第8章 白兵戦
「沈むぞ!!救命ボートの準備を!!!」
「救命胴衣もだ!」
「少将!!浸水の勢いが早すぎます!!」
軍艦は船首を空に向けて徐々に傾いていく。
足場が傾く中、積荷や体幹の弱いものはどんどんと船尾の方へ滑り落ちていく。
「ペンギン!ベポ!!捕まれ!!!」
「うん!」
「うぉっ!」
船上はパニック。
もう誰も海賊など見えてもいないようだ。
「…キャプテン、、、」
「俺がキャプテン背負って船まで泳ぐ!
ベポは自分で泳げるだろ?」
「いや…無理だ。
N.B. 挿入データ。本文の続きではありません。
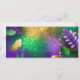 Fundo de grãos de cereais, iridescentes, textualmente, com manchas roxas, amarelas e verdes, decoradas com penas e miçangas brilhantes. feriado Mardi Gras.

」
穏やかな海なら或いはその選択肢が取れたかもしれない。
だが、軍艦ほどの大きさの船が沈むとなると、辺りの海流は荒れ狂う。
1人でも生き残るのは厳しい上、大の男1人背負うなんざ以ての外だ。
…もうここまで来たら、カラが何を考えているかなんざどうでもいい。
とにかく、ここから船までどうやって帰るかを考えねぇと。
「うわぁぁあ!!」
「早く!!早くボートを出せ!!!渦に巻き込まれるぞ!!」
「Roomー」
…クソッ、
最大限に張っても届かねぇか。
「キャプテン…」
「…チッ、、、お前ら!とにかく何か浮くものに乗れ!!
ここにいたってどうせ沈む!!!」
「アンティピュート!!」
スパン!!
「こっちだ!!乗れ!!!」
「お、おう!」
「うん!」
軍艦の床を切り取って海に浮かべる。
ただの板だが、このままここにいるよりはマシだ。」
「漕ぐぞ!できる限り軍艦から離れるんだ!!!」
「「アイアイ!!!」」
その辺に浮いていた木片を使って適当に漕ぐ。
…所詮は3人の人の力。進んでいるかも怪しい。
「…進んで、る?」
「いや、正直後ろに下がってる気が、、、」
「死にたくなけりゃ黙って漕げ!」
後ろに下がってるのは事実だろう。
すでに流れが生まれ、俺たちを引き込もうとしてる。